How severely even continuous invertible transformations can alter a density function is demonstrated by the Knothe-Rosenblatt rearrangement. There are only two mild assumptions that have to be made. The densities of the two distributions should be larger $0$ everywhere and all cumulative conditional densities $P_{X_{i} \mid X_{< i}} (X_{i} \leq x_{i} \mid x_{1}, \ldots, x_{i - 1})$ should always be differentiable in ($x_{1}, \ldots, x_{i}$). As a consequence one can transform any two such continuous distributions into each other using a continuous invertible map.3 3 Knothe-Rosenblatt rearrangement [Kno57C, Ros52R]: Any continuous distribution with the above mentioned properties can be transformed into a uniform distribution using a continuous invertible map. Let $X_{1}, \ldots, X_{n}$ be continuous random variables with joint distribution $P_{X_{1}, \ldots, X_{n}}$. Consider the map $f (x_{1}, \ldots, x_{n}) = (y_{1}, \ldots, y_{n})$ with $\begin{array}{lll} y_{i} & = & P_{X_{i} \mid X_{< i}} (X_{n} \leq x_{i} \mid x_{1}, \ldots, x_{i - 1}) . \end{array}$ Note that $\frac{\partial f}{\partial x^T}$ is lower triangular since $y_{i}$ does not depend on $x_{j}$ for $i < j$. Further, the $i$th component on the main diagonal of $\frac{\partial f}{\partial x^T} (x_{1}, \ldots, x_{n})$ is $p_{X_{i} \mid X_{< i}} (x_{i} \mid x_{1}, \ldots, x_{i - 1})$ since it is the derivative of the corresponding conditional cumulative distribution. Hence, the determinant of $\frac{\partial f}{\partial x^T} (x_{1}, \ldots, x_{n})$ is simply the product of the conditional densities, which equals $p_{X_{1}, \ldots, X_{n}} (x_{1}, \ldots, x_{n})$ because of the product rule. With this observation we can show that $(Y_{1,} \ldots, Y_{n}) = f (X_{1}, \ldots, X_{n})$ is uniformly distributed over the $n$-dimensional unit hypercube because for all ${y_{1}} , \ldots y_{n} \in [0, 1]$: $\begin{array}{l} p_{Y_{1}, \ldots, Y_{n}} (y_{1}, \ldots, y_{n}) = \end{array}$ $p_{X_{1}, \ldots, X_{n}} (f^{- 1} (\bar{y})) \left| \frac{\partial f}{\partial x^T} (f^{- 1} (\bar{y})) \right|^{- 1}_{} =$$1$.
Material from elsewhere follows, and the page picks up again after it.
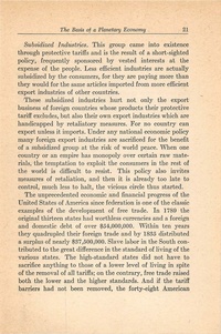 ‘These subsidized industries hurt not. only the export business of foreign countries whose products their protective tariff excludes, but also their own export industries which are handicapped by retaliatory measures. For no country can export unless it imports. Under any national economic policy many foreign export industries are sacrificed for the benefit of a subsidized group at the risk of world peace. When one country or an empire has monopoly over certain raw materials, the temptation to exploit the consumers in the rest of the world is difficult to resist. This policy also invites measures of retaliation, and then it is already too late to control, much less to halt, the vicious circle thus started.
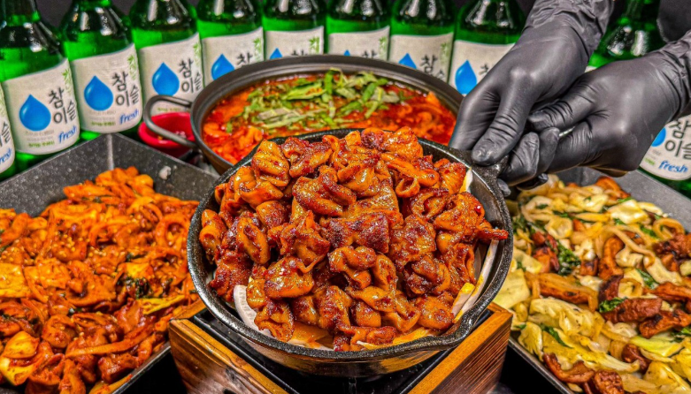 메뉴판에서는 ‘알곱창 단품’부터 ‘모듬곱창’, ‘알+대창+막창’ 세트까지 다양하게 구성되어 있어 취향에 따라 선택할 수 있습니다. 가장 인기 있는 조합은 ‘알곱창+막창+버섯+떡사리’ 세트로, 매콤한 양념과 곱이 가득한 내장이 환상의 조화를 이룹니다. 철판 위에서 구워지는 비주얼은 식욕을 자극하며, 곱이 살짝 터지면서 퍼지는 향기가 진정한 곱창의 묘미를 선사합니다.

Example: Let $X$ and $Y$ be two continuous random variables with the above-mentioned properties. With the Knothe-Rosenblatt construction we obtain two continuous bijective maps $f_{X}, f_{Y}$ such that $f_{X} (X)$ and $f_{Y} (Y)$ are uniformly distributed over $[0, 1]$. We claim that $f_{Y}^{- 1} f_{X} (X )$ has the same distribution as $Y$. Indeed, letting $h := f_{Y}^{- 1} \circ f_{X}$:

\begin{eqnarray*} p_{h (X)} (h (x)) & = & p_{X} (x) | h’ (x) |^{- 1}\\\ & = & \left( p_{X} (x) \left| {f^{}_{X}}’ (x) \right|^{- 1} \right) {\left| \left( {f^{- 1}_{Y}}^{} \right)’ (f_{X} (x)) \right|^{}}^{- 1}\\\ & = & (p_{X} (x) | f_{X}’ (x) |^{- 1})_{} \left| {f_{Y}^{}}’ (h (x)) \right|\\\ & = & p_{Y} (h (x)) . \end{eqnarray*}

Note that the inverse of a continuous function is not necessarily continuous if the domain and range have different dimensions but with the two additional assumptions mentioned above, one can show that $f_{X}$ and $f_{Y}$ are differentiable bijections. The inverses are therefore also diffeomorphisms and in particular continuous. The examples show that a purely density based approach to anomaly detection can lead to completely different results depending on the nature and transformations of observed features. To see this even more clearly, it is important to observe how the densities of a distribution can change relative to each other under continuous invertible maps. In the paper the authors construct several more fine-grained examples that show how one can alter densities even locally in an almost arbitrary fashion or explicitly interchange the densities of two given points. Even if we accept a density based definition in the original (real-world) probability space, the data we collect is already a transformation thereof, i.e. a random variable. The authors illustrate this on the example of images where the depicted object is the true sample and the images are the transformations we observe. This becomes even more severe if the images are given in a compressed format. Therefore, a density based approach to anomaly detection must necessarily rely on the assumption that low density areas actually correspond to anomalous regions in the presented feature space. Note that this has nothing to do with how well our density model captures the true distribution. In fact, the same problems arise if the true density function of the nominal data under a certain representation is available.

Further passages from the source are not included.